Décimés, les Raptors passeront un temps des Fêtes orageux

Un médecin lui tient le bras.

Le garde Norman Powell se tient l'épaule gauche après sa blessure survenue au quatrième quart mercredi contre les Pistons de Détroit.

Photo : Reuters / USA Today Sports

Olivier Paradis-Lemieux
Prenez note que cet article publié en 2019 pourrait contenir des informations qui ne sont plus à jour.

ANALYSE - Pascal Siakam, Marc Gasol, Norman Powell… Trois des cinq joueurs des Raptors ayant joué le plus de minutes cette saison, blessés, manquent désormais à l’appel pour Nick Nurse. Les prochaines semaines pourraient effacer un début de saison des plus encourageants pour les champions défendants de la NBA.

Au début de la saison, la chute semblait inévitable.

Comment les Raptors pouvaient-ils demeurer compétitifs alors que le joueur par excellence de la finale, Kawhi Leonard, avait tourné le dos à Toronto pour les plages de Los Angeles? Mais les anciens coéquipiers du nouveau Clipper ne sont pas écroulés, bien au contraire.

Après 27 matchs, les Raptors montrent une fiche de 19 victoires et 8 défaites, bonne pour le 4e rang dans l’Est.

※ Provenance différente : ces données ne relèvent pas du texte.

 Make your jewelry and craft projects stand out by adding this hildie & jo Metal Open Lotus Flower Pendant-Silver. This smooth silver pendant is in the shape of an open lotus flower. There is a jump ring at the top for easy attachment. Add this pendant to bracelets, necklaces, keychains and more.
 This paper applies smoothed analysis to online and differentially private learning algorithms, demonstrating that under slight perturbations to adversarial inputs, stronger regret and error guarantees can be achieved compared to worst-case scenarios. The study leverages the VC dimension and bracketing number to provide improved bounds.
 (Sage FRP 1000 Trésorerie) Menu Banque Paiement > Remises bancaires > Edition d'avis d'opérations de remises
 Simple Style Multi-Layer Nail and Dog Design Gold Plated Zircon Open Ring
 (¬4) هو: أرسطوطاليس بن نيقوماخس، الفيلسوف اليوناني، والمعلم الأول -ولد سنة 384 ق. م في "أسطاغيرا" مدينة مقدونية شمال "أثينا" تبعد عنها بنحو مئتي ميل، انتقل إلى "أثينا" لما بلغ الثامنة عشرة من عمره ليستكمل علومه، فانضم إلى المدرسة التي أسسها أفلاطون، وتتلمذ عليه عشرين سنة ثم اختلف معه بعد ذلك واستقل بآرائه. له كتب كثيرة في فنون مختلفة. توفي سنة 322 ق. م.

Une performance pour l’essentiel attribuable à la croissance interne de l’effectif, comme les contraintes du plafond salarial de la NBA ont obligé l’équipe à remplacer Leonard (ainsi que son ex-coéquipier des Spurs et garde partant l’an dernier Danny Green parti aussi à L.A. avec les Lakers), par des joueurs autonomes bon marché.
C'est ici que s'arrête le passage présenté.